Tomaron asiento en el interior de la
jaima
, los extranjeros en el fondo y el targui frente a ellos con el arma sobre las rodillas, y se observaron como si cada uno de ellos esperara que fuera el otro quien iniciara la conversación.
—¿Y bien? —se decidió al fin Yves Clos—. ¿Qué es lo que pretende reteniendo a esos hombres?
—Que se haga justicia.
—Lo entiendo y me parece lógico, aunque no me parezca correcta la forma de conseguirlo. El secuestro es un delito muy grave.
—¿Tan grave como amenazar con un arma a gente de paz en su propia casa y envenenar el único pozo que existe en la región?
—No lo sé, pero quiero suponer que igual de grave.
—¿Qué le hubiera ocurrido a mi familia si esos coches no aparecen? Nuestras posibilidades de llegar con vida al pozo más cercano eran muy escasas.
—Lo imagino, y me congratulo de que no les haya sucedido nada, pero esos a los que han retenido no tienen culpa de lo ocurrido.
—Lo sé, y por ello tienen mi palabra que si se cumplen mis condiciones no sufrirán el más mínimo daño.
—¿Y cuáles son esas condiciones?
—Únicamente tres.
—¿A saber…?
—La primera que vacíen el pozo, lo limpien y lo llenen de agua hasta los bordes.

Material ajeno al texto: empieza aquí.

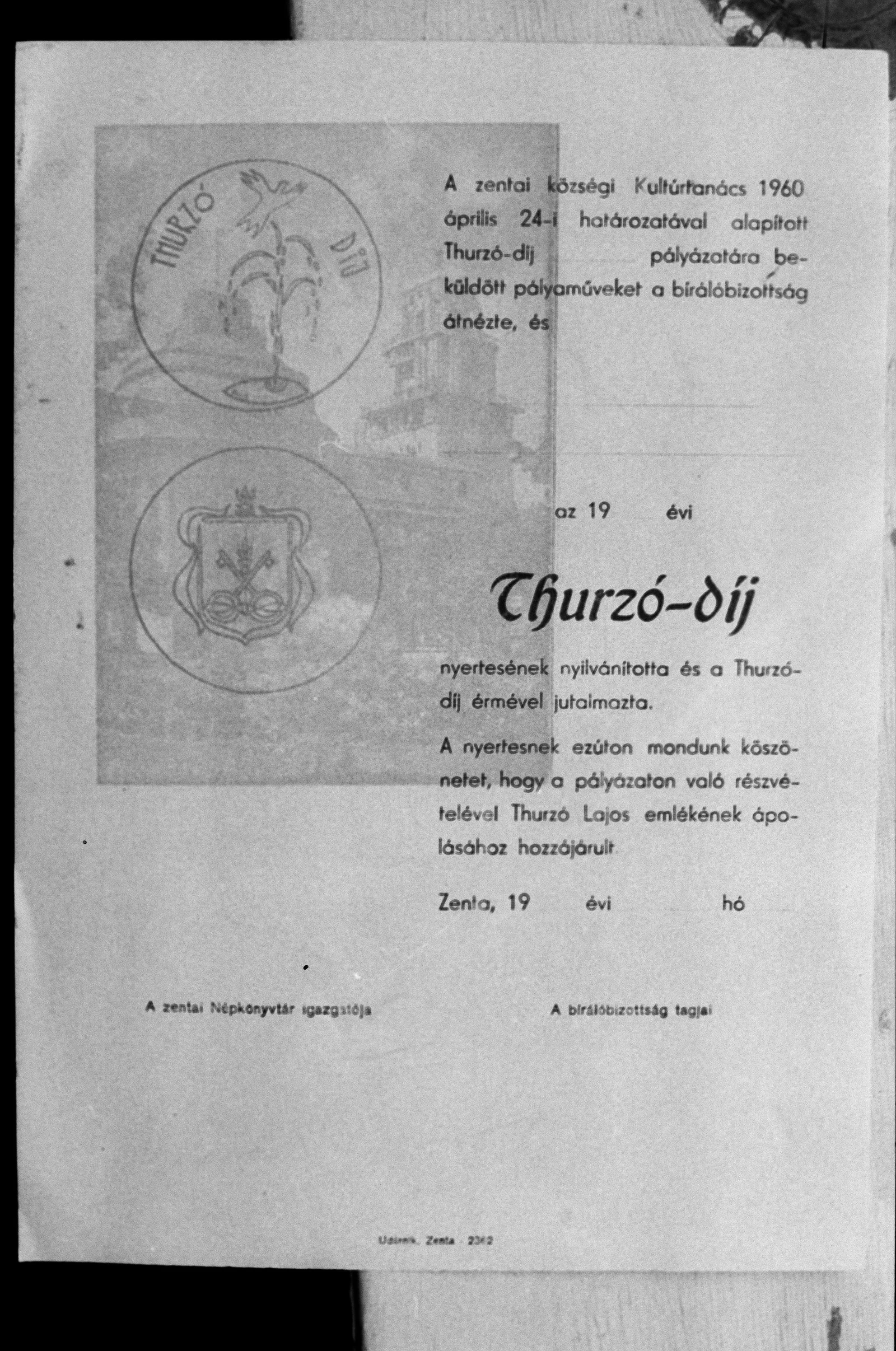Dokumentumok a Thurzó-díjról

—No hay problema. ¿La segunda?
—Que ni coches ni motos vuelvan a pasar nunca por aquí.
—Tampoco veo problemas a eso. ¿Y la tercera?
—Que me traigan a los culpables para que pueda aplicarles la ley tuareg.
—¿Y qué dicta esa ley?
—Que a uno de ellos, el que no quería tomar parte; pero se comportó como un cobarde, se le propinen treinta latigazos.
—¡Dios bendito! ¡Qué barbaridad!
—Es la ley.
—¿Y qué le harán al otro?
—Recibirá cincuenta latigazos por envenenar el agua y se le cortará la mano derecha por haber amenazado con un arma a quienes les habían recibido pacíficamente.
—¡Cortarle la mano derecha! —se escandalizó el rubio que no pudo evitar volverse a sus compañeros que mostraban idéntico horror—. ¿Se da cuenta de lo que está pidiendo?
—Tan sólo estoy pidiendo que se cumpla la ley.
—Pero ésa es una ley de salvajes.
—Salvaje es quien no respeta el hogar ajeno y quien antepone una estúpida prueba deportiva a cuatro vidas humanas. ¡«Ése» es un salvaje! Yo tan sólo soy un pacífico tuareg que no se había metido con nadie hasta que ustedes aparecieron por aquí.
Se hizo un largo silencio.
Se diría que una pesada losa había caído de improviso sobre las espaldas de los recién llegados, que probablemente no se esperaban, ni por lo más remoto, semejante demanda.
Por fin, tras rascarse nerviosamente la rubia cabellera que le caía casi hasta los ojos, el llamado Yves Clos señaló:
—Entienda que va a resultar prácticamente imposible convencer a ese individuo para que venga hasta aquí con el fin de que le propinen cincuenta latigazos y le corten una mano.
—Me lo imagino.
—¿Entonces?
—Son ustedes los que tienen que resolver este asunto, no yo. Pero de lo que pueden estar seguros es que si no lo traen jamás volverán a ver a los otros.
—No creo que sea capaz de matar inocentes… —intervino el egipcio Amed Habaja que hasta ese momento apenas había abierto la boca más que para saludar—. Es algo que va contra nuestras creencias. El Corán ordena que…
—Sé muy bien lo que ordena el Corán… —replicó Gacel con acritud—. Aquí no hay mucho que hacer y por lo tanto lo he leído una docena de veces. Pero los tuaregs tenemos leyes muy anteriores a la aparición del Corán, y a ellas me atengo.